I had a really hard week this week as my companion has stopped talking to me because I can´t understand her. I don´t really blame her--there´s no point in talking to someone who doesn´t understand what you´re saying! It´s been hard to feel the contention and not really be able to help it though. I am working hard to learn fast and learn a lot. I am really bad at remembering things, especially vocabulary words, so I am praying a lot too that Heavenly Father will help me.
One year of girl´s camp when I was a YCL, I prayed for two months before the week of camp that I would be able to remember all the names of the girls in my level (first year girls) because I am so bad at remembering. That year of camp, I was able to remember all of the names of the girls. I felt closer to the girls and was able to help them better because I knew all of their names. I know Heavenly Father helped me with my memory that year. I definitly would not have been able to do that alone with my crazy mind. I know He will help me again with remembering words in Spanish, I just have to learn to be patient with myself even when the world is not so patient with me. I understand way more than when I started this thing though--going from not speaking any Spanish to being able to have a full conversation in Spanish in two months is pretty amazing. I am grateful for the things I am learning, and grateful for Heavenly Father´s help with everything I do.
The work goes on though, and I am really just the hands to do His work. I don´t matter in any of this. I see that more and more. I see how people are really already prepared to receive our message, even when it´s a little choppy and may be in past tense when it should be in the present. Haha :)
This week we had the baptistm of C! His family was not very active in the church, and they are coming to church every week now! The night of his baptism, his dad gave the closing prayer and it was so special. When he recieved the gift of the Holy Ghost, I felt something very special. I love seeing the people I teach progress.
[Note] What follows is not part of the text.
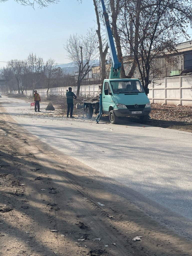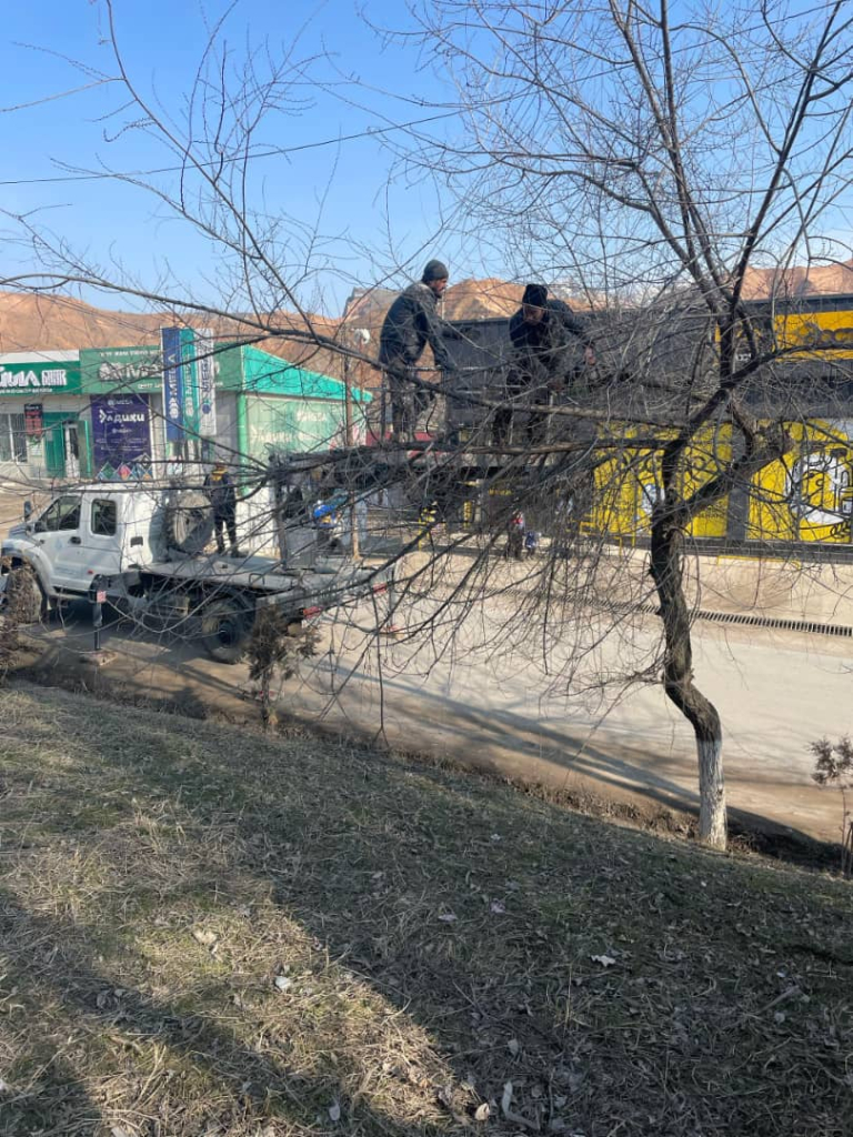Кыргыз Республикасынын жаратылыш ресурстары, экология жана техникалык көзөмөл министрлигинин Жалал-Абад регионалдык башкармалыгы “Майлуу-Суу Тазалык” муниципалдык мекемеси Майлуу-Суу шаарынын аймагында комиссия тарабынан аныкталган илдет түшүп, курт жеп бутактары сынып түшө баштаган иликтөө актысында көрсөтүлгөн дарактардын сынган жана куургаган бутактарын кесип санитардык тазалоо жумуштары аткарылып жатат.

We went to visit a recent convert to the church the other day and found that her kids were really sick! We called our ward mission leader to give a blessing for the sick, and that night was very special. Even though I couldn´t understand well what was being said, and even though I am all the way in Mexico, I felt the same spirit fill the room during the blessing that I can feel when my dad exercises his priesthood. I could feel my dad in that room, and then realized that I could feel my Heavenly Father in that room. We went back to visit yesterday and her girls are back up to 100% speed. I am grateful to have the priesthood in my life and grateful for worthy priesthood holders, no matter where they are in this world.
I know this gospel is true. I know this is the one and only one true gospel, and the one and only true gospel can only be found in this church. I am grateful for the short time I have to serve fully and completely as a missionary, and hope that I will be able to put my full heart into this work.
Love you!
Hermana Hunt
There is no word for creepy in Spanish. This creepy thing I walk by every night. It has "real" hair and eyelashes, but no eyeballs. Super Super creepy!